We stayed pretty busy with one thing or another all month long and I neglected to post any reports so this one will cover the past month..... October is usually one of the absolutely best months of the year - but it wasn't this time around. We went days at a time with strong westerly winds early this month and it made most of our time on the water a struggle... Still there were lots of high points.

There were still quite a few good sized mangrove snapper in the backcountry... this one measured in at 16" - the reel shown is a Battle 4000 for comparison...


Along with lots of snapper, jacks, ladyfish, and other small hungry fish.... spanish mackeral have been showing up inside rivers almost every day now (and big gag grouper will show the moment water temps drop a bit...). 

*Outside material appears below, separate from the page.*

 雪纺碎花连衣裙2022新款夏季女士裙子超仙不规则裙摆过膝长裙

While tarpon fishing with flies was very frustrating the big fish have just been jumping on live baits and bucktail jigs worked slowly where they're hanging out. Our best fish last week was an 80lb to the boat. I was so busy with it that I never took any pics at all (at least not ones that show tarpon...). That day we jumped an additional half dozen fish between 60 and 80lbs on lures. The big fish will probably be a bit scarce after last weekend's temperature drop (every year I expect that first cold front right around World Series time, and this year was no exception). Every time we had fly anglers aboard, of course, those same fish had lockjaw (and I drove home talking to myself...). We'll get another shot at them just before Christmas if the weather is mild...

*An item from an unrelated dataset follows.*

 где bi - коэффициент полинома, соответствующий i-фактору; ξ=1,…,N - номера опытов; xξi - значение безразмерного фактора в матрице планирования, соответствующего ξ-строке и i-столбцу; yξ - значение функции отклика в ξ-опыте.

Redfishing has been good most days and we usually find them with small snook. The big surprise has been the number of sawfish we've encountered while working bait for those reds....
Here's a couple of pics...

this was the first cast of the day out of Chokoloskee....


Just a small fish but it set the tone...


later that day, this fish came from a big school that ate every fly it saw....

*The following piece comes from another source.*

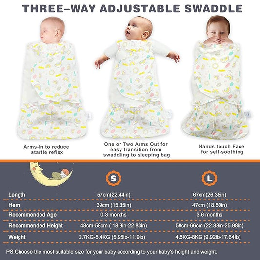 Swaddle-Blanket Baby Girl & Boy Swaddles Newborn Infant Transition 100% Cotton Wrap Blankets, 3-Way Adjustable Wearable Blanket, TOG 1.0 (Rainbow, 3-6 Month)

Here's Kyle Savage's wife Denay with another nice red on fly...


Back over on the Flamingo side of the Park we found great quantities of bait on the days when the wind and rain allowed us to work the coast. On one day we actually hooked and released two sawfish in less than three feet of water -one was between 7 and 8 feet, the other almost 9 feet long. Because the water at the time was muddy we never knew they were around until those rods bent over and things got crazy... Both fish were very carefully released in good condition (and I made a point of not fishing that particular spot again...).

Here's the first redfish for one of that same group.....


This is just the beginning of our fall season. I expect lots more fish to be found up inside the backcountry now as water temps fall. This coming weekend I'll be with the BRP booth at the Ft Lauderdale show (BRP makes the Evinrude motors that I've been running for years and years). I should be there on Friday and again on Sunday - stop by and say Hi...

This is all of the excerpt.